INDIANAPOLIS, U.S. city in central Indiana. In the late 1960s the population of Indianapolis was over 600,000 and the Jewish community numbered about 10,000 (1968). The Jewish community, concentrated in the north-central area, was served by five synagogues. The Jewish population has remained surprisingly stable compared with the growth of the city, which now numbers 1,200,000.
The first-known Jewish settlers in Indianapolis were Moses Woolf, Alexander and Daniel Franco, who emigrated from London about 1850. The first congregation, which became the Indianapolis Hebrew Congregation, was founded in 1856, under Rabbi M. Berman. Funds from the Christian community helped equip the first synagogue, completed in 1868. Frederich Kneffler rose to the rank of major general, and is believed to have been the highest-ranking Jewish officer in the Civil War.
Indianapolis Hebrew Congregation (Reform), now one of the largest synagogues in the state, was the earliest congregation in Indianapolis, founded in 1856. Other synagogues of early Indianapolis history were formed by nationality groups: Shaare Tefila (about 1882), the "Polish Shul"; Knesses Israel (about 1883), the "Russian Shul"; and Ohev Zedeck (1884), the "Hungarian Shul." The United Hebrew Congregation was organized in 1904; Ezras Achim, the "Peddlers Shul," in 1910; the Central Hebrew Congregation in 1920; and Beth-El in 1921. In 1927, Beth-El, the Conservative congregation, merged with Ohev Zedeck to form Beth-El Zedeck (Reconstructionist / Conservative), one of the two largest synagogues in the state (*Milton Steinberg was its first rabbi). There are two Orthodox Congregations; Etz Chaim (Sephardic) and B'nai Torah, and Shaarey Tefilla (Conservative). Among the early leaders of the Indianapolis Jewish community were Rabbi Isaac Eli Neustadt, who founded the Jewish Educational Association (now the Bureau of Jewish Education) in 1910; Rabbi Morris Feuerlicht, who served the Indianapolis Hebrew Congregation from 1904 to 1946; and G.A. Efroymson, the first president of the Jewish Federation of Greater Indianapolis (formed 1905 under the name Jewish Federation of Indianapolis), one of the first such organizations in an intermediate-sized U.S. city. Gustave Efroymson not only served during the Federation's formative years (1905–1913), he guided the Indianapolis Jewish Community through the difficult years of the rise of the Ku Klux Klan and the Great Depression, serving as Federation president, once again, from 1919 to 1934.
The Indianapolis Jewish community is served through 5 constituent agencies of the Jewish Federation: the Jewish Community Center; the Jewish Community Relations Council; the Bureau of Jewish Education; Hooverwood, a nursing home facility and Park Regency, an apartment complex for independent elderly. The Jacobs Home provides group living for developmentally challenged adults, and the Albert & Sara Reuben Elder Source program provides a wide range of services for older adults.
Jewish education is maintained by the Bureau of Jewish Education, the Hasten Hebrew Academy (a day school providing elementary and middle school education) and congregational religious schools. Hebrew language is taught in 2 suburban public high schools.
Most Federation agencies and Federation offices are housed on the Max and Mae Simon Jewish Community Campus, developed in 1997. The 38-acre campus is considered one of the outstanding Jewish campuses in the United States.
Indianapolis Jews exert a great deal of influence in civic, humanitarian, and cultural affairs in the city.
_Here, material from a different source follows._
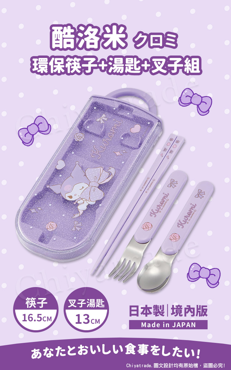 【百科良品】日本製 Kuromi酷洛米 紫萌 蝴蝶結 環保筷子+湯匙+叉子三件餐具組 抗菌加工Ag+(日本境內版)

The Indianapolis Symphony was founded by prominent Jews, and Jews continue to have leadership roles with the orchestra which had its origins at Kirshbaum Center, the Jewish Community Center of its time. Jews have been in the forefront of leadership of the Indianapolis Museum of Art, the Children's Museum of Indianapolis, the Indianapolis Art Center, the Eiteljorg Museum of Western Art, the Indianapolis Opera and Ballet International.
In the past, Jews made their living primarily in retail, wholesale and service businesses, but today, more are in communications, property development, and the medical and legal professions.
Rabbis Dennis and Sandy Sasso of Congregation Beth-El Zedeck are the first married rabbinic couple in history. Rabbi Sandy Sasso was the first woman to be ordained by the Recontructionist movement. The Sassos have served as senior rabbis at Beth-El Zedeck since 1977.
The Jewish Federation receives excellent support from the community, enabling its agencies to provide a wide range of human services for every age. The Federation is proud of the fact that per capita giving to its annual campaign exceeds that of any Jewish community of any city in the country with a population of 10,000 or more. The Gene B. and Marilyn Glick and Jewish Federation Joint Endowment Fund for the Far Future will allow the Federation to meet changing needs when the fund reaches its fruition, when it is projected to reach $100,000,000. In addition, during 2005, the Federation's Centennial year, under the leadership of Charles A. Cohen, chair of the Endowment Initiative, the Federation achieved the goal of increasing its endowment fund by $50,000,000.